Retype the whole listing exactly. Leave out pictures.

Source data:
────────

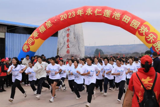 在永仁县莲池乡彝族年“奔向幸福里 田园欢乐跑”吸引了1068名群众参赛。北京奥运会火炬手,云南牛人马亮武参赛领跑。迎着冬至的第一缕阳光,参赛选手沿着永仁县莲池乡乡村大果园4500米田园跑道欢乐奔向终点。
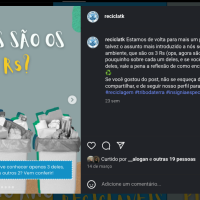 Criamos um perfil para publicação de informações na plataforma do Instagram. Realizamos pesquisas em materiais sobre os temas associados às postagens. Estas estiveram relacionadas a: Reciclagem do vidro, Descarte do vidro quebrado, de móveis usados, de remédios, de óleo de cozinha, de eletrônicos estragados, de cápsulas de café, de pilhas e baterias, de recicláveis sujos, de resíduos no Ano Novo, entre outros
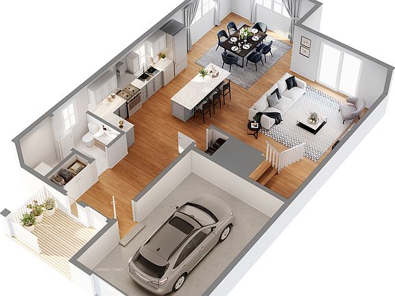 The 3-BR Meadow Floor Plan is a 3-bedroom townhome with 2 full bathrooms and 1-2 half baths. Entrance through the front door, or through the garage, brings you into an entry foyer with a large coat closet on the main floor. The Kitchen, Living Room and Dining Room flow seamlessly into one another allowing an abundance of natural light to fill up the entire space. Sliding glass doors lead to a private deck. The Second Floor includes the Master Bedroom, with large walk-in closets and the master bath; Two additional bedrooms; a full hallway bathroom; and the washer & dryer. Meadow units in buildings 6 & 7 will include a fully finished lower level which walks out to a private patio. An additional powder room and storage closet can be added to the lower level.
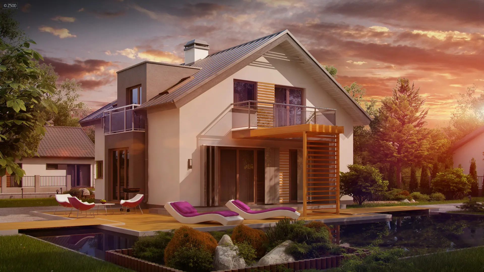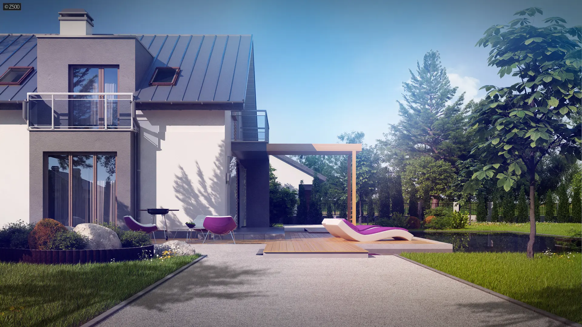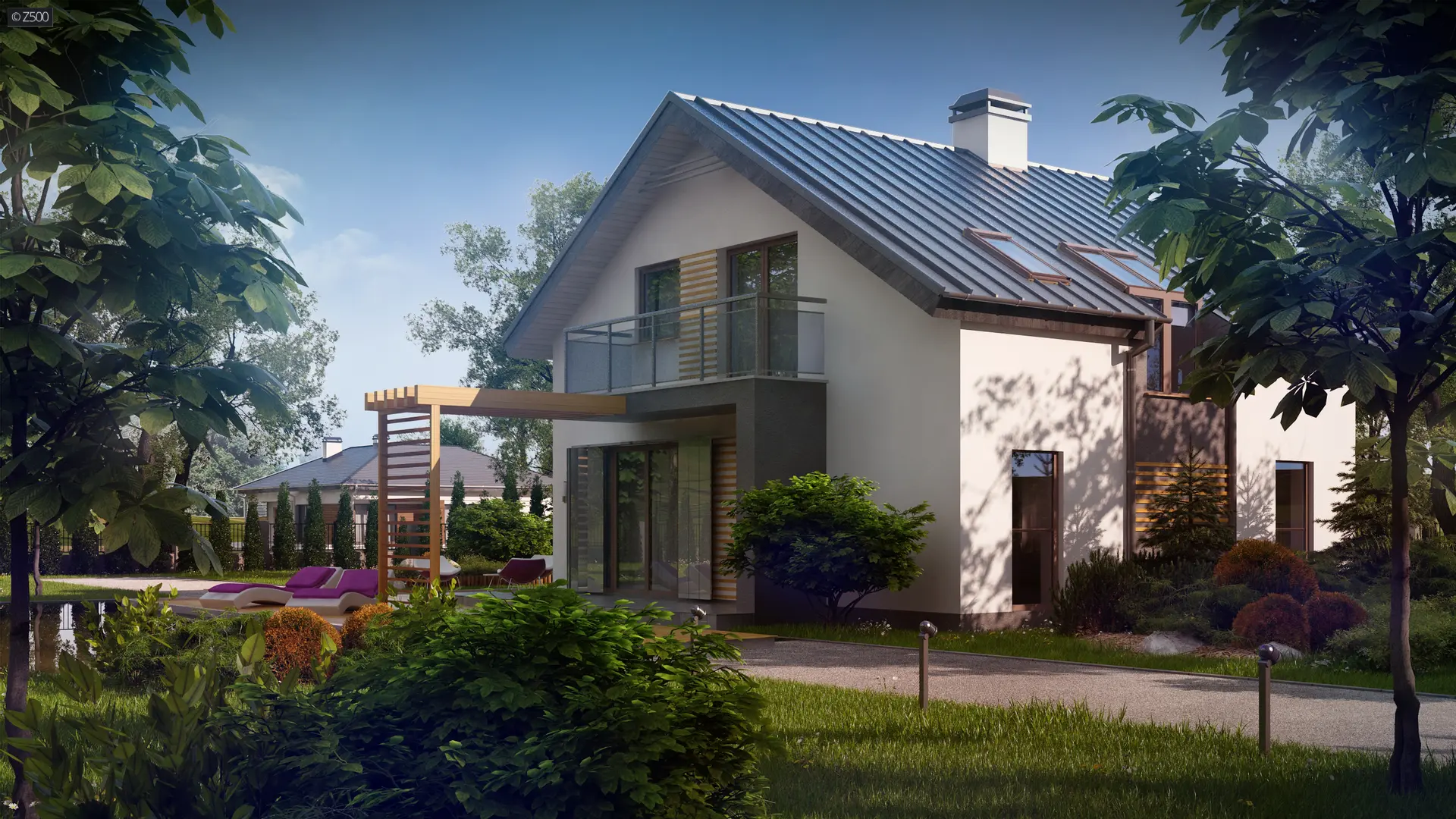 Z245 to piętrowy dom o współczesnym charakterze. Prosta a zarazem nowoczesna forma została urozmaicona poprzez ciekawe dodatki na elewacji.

────────

Exercise output:
 在永仁县莲池乡彝族年“奔向幸福里 田园欢乐跑”吸引了1068名群众参赛。北京奥运会火炬手,云南牛人马亮武参赛领跑。迎着冬至的第一缕阳光,参赛选手沿着永仁县莲池乡乡村大果园4500米田园跑道欢乐奔向终点。
 Criamos um perfil para publicação de informações na plataforma do Instagram. Realizamos pesquisas em materiais sobre os temas associados às postagens. Estas estiveram relacionadas a: Reciclagem do vidro, Descarte do vidro quebrado, de móveis usados, de remédios, de óleo de cozinha, de eletrônicos estragados, de cápsulas de café, de pilhas e baterias, de recicláveis sujos, de resíduos no Ano Novo, entre outros
 The 3-BR Meadow Floor Plan is a 3-bedroom townhome with 2 full bathrooms and 1-2 half baths. Entrance through the front door, or through the garage, brings you into an entry foyer with a large coat closet on the main floor. The Kitchen, Living Room and Dining Room flow seamlessly into one another allowing an abundance of natural light to fill up the entire space. Sliding glass doors lead to a private deck. The Second Floor includes the Master Bedroom, with large walk-in closets and the master bath; Two additional bedrooms; a full hallway bathroom; and the washer & dryer. Meadow units in buildings 6 & 7 will include a fully finished lower level which walks out to a private patio. An additional powder room and storage closet can be added to the lower level.
 Z245 to piętrowy dom o współczesnym charakterze. Prosta a zarazem nowoczesna forma została urozmaicona poprzez ciekawe dodatki na elewacji.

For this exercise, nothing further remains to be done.